## [Your goal]
Your answer must match, word for word, the lines from the one holding "Elegantná sada 6ks" through the final line below, with pictures excluded.

## [Source material]
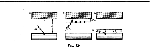 Фотопроводимость (см. § 202) полупроводников — увеличение электропроводности полупроводников под действием электромагнитного излучения — может быть связана со свойствами как основного вещества, так и содержащихся в нем примесей. В первом случае при поглощении фотонов, соответствующих собственной полосе поглощения полупроводника, т. е. когда энергия фотонов равна или больше ширины запрещенной зоны (hn ³ D E), могут совершаться перебросы электронов из валентной зоны в зону проводимости (рис. 324, а), что приведет к появлению добавочных (неравновесных) электронов (в зоне проводимости) и дырок (в валентной зоне). В результате возникает собственная фотопроводимость, обусловленная как электронами, так и дырками.
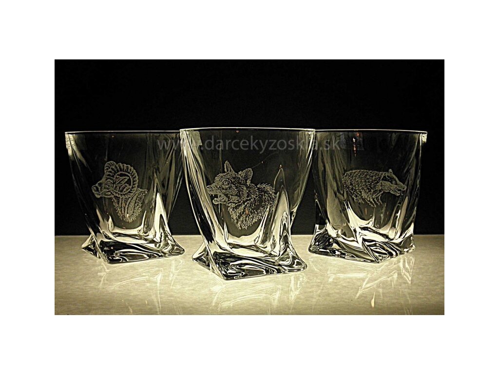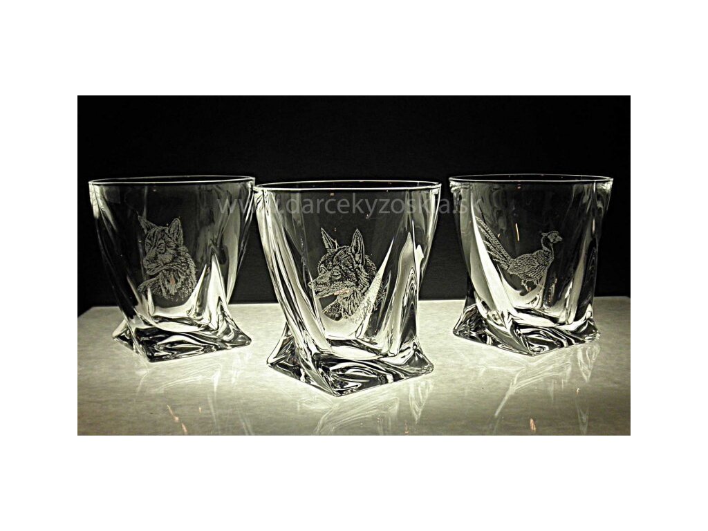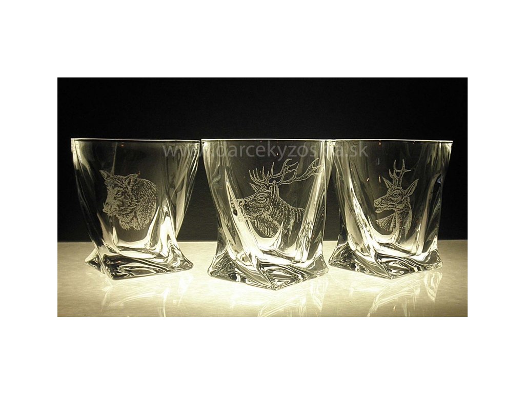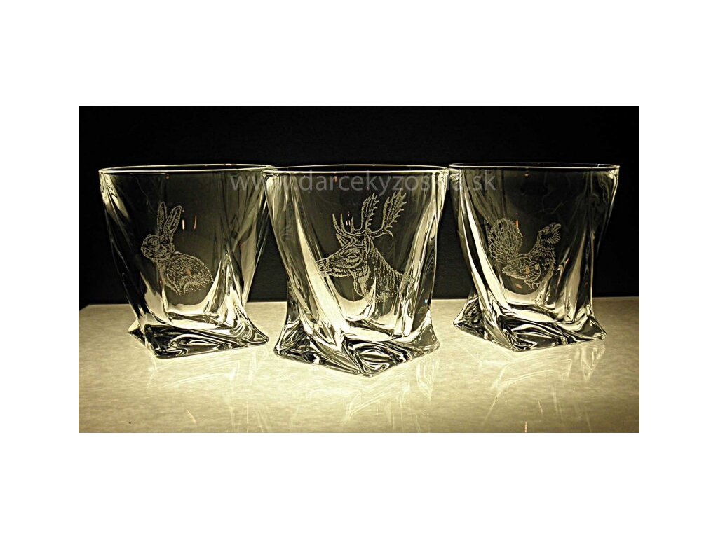 Elegantná sada 6ks pohárov 340ml. Set je zabalený v luxusnej saténovej krabici. Na pohároch sú ručne vygravírované obrázky poľovníckej zveri. Gravírovanie je zahrnuté v cene.
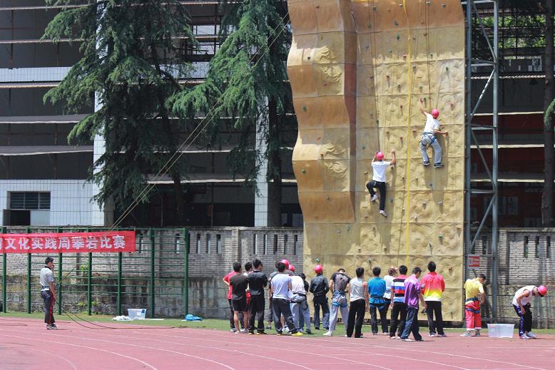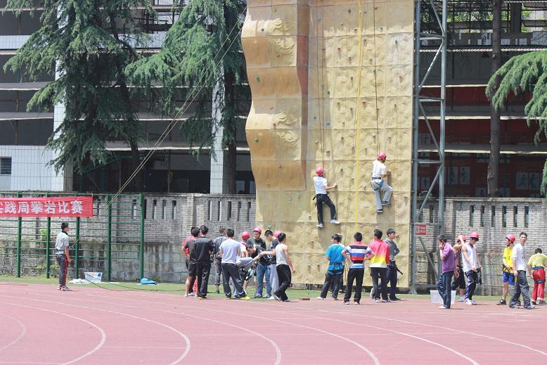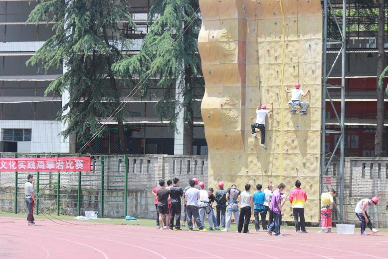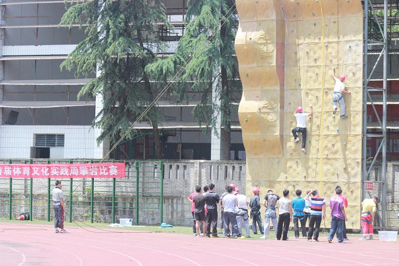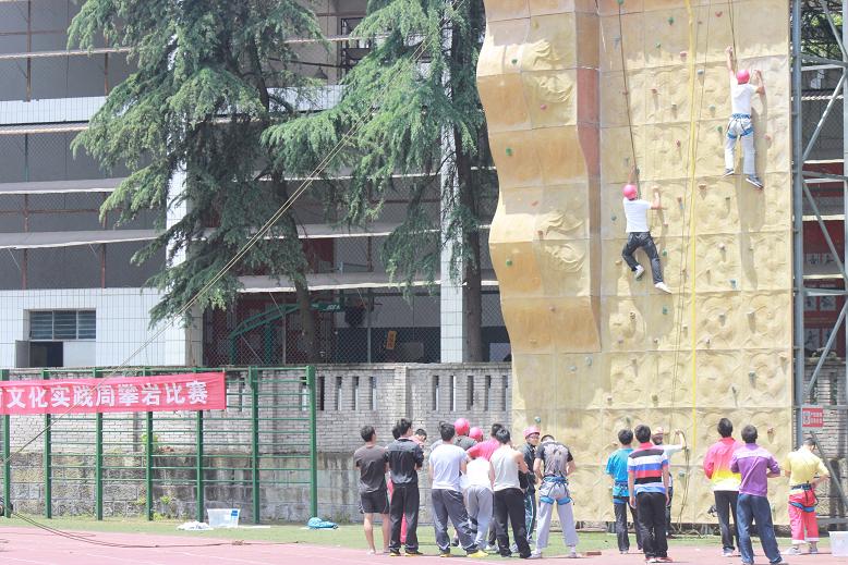 经过前期活动内容的有序组织及宣传,攀岩比赛活动于5月1日在西区田径场攀岩比赛场地进行比赛,进行比赛的项目是男子难度项目及男子速度项目的比赛,在比赛过程中有的参赛队员集中注意力,脚下全神灌注地踏着岩块,留意身体在岩块上位移的每个细节,有的参赛队员具有良好的柔韧性、节奏感及攀岩技巧,娴熟地在不同高度、不同角度的陡峭岩壁上轻松、准确地完成身体的腾挪、转体、跳跃、引体等惊险动作,给人以优美、流畅、刺激、力量的感受。有的参赛队员在比赛中当支点间跨度较大时,上、下肢配合的非常协调舒展,盘眼有节奏,上拉、下登都同时用力,身体重心落在脚上,保持面向岩壁、三点固定支撑、直立于岩壁、三点固定支撑、直立于岩壁上的攀登姿势。并且在攀登者上升过程中,保护人不断收绳,使攀登人胸前不留有余绳,更好的发挥出自己的水平往上爬。而在下方进行保护的同学在保护人收绳时,随时注意有一支手握住下降器后面的绳索、或把下降器两头的绳索抓在一起,给参赛队员们创造出了一个良好的比赛环境。

## [Answer to the problem]
 Elegantná sada 6ks pohárov 340ml. Set je zabalený v luxusnej saténovej krabici. Na pohároch sú ručne vygravírované obrázky poľovníckej zveri. Gravírovanie je zahrnuté v cene.
 经过前期活动内容的有序组织及宣传,攀岩比赛活动于5月1日在西区田径场攀岩比赛场地进行比赛,进行比赛的项目是男子难度项目及男子速度项目的比赛,在比赛过程中有的参赛队员集中注意力,脚下全神灌注地踏着岩块,留意身体在岩块上位移的每个细节,有的参赛队员具有良好的柔韧性、节奏感及攀岩技巧,娴熟地在不同高度、不同角度的陡峭岩壁上轻松、准确地完成身体的腾挪、转体、跳跃、引体等惊险动作,给人以优美、流畅、刺激、力量的感受。有的参赛队员在比赛中当支点间跨度较大时,上、下肢配合的非常协调舒展,盘眼有节奏,上拉、下登都同时用力,身体重心落在脚上,保持面向岩壁、三点固定支撑、直立于岩壁、三点固定支撑、直立于岩壁上的攀登姿势。并且在攀登者上升过程中,保护人不断收绳,使攀登人胸前不留有余绳,更好的发挥出自己的水平往上爬。而在下方进行保护的同学在保护人收绳时,随时注意有一支手握住下降器后面的绳索、或把下降器两头的绳索抓在一起,给参赛队员们创造出了一个良好的比赛环境。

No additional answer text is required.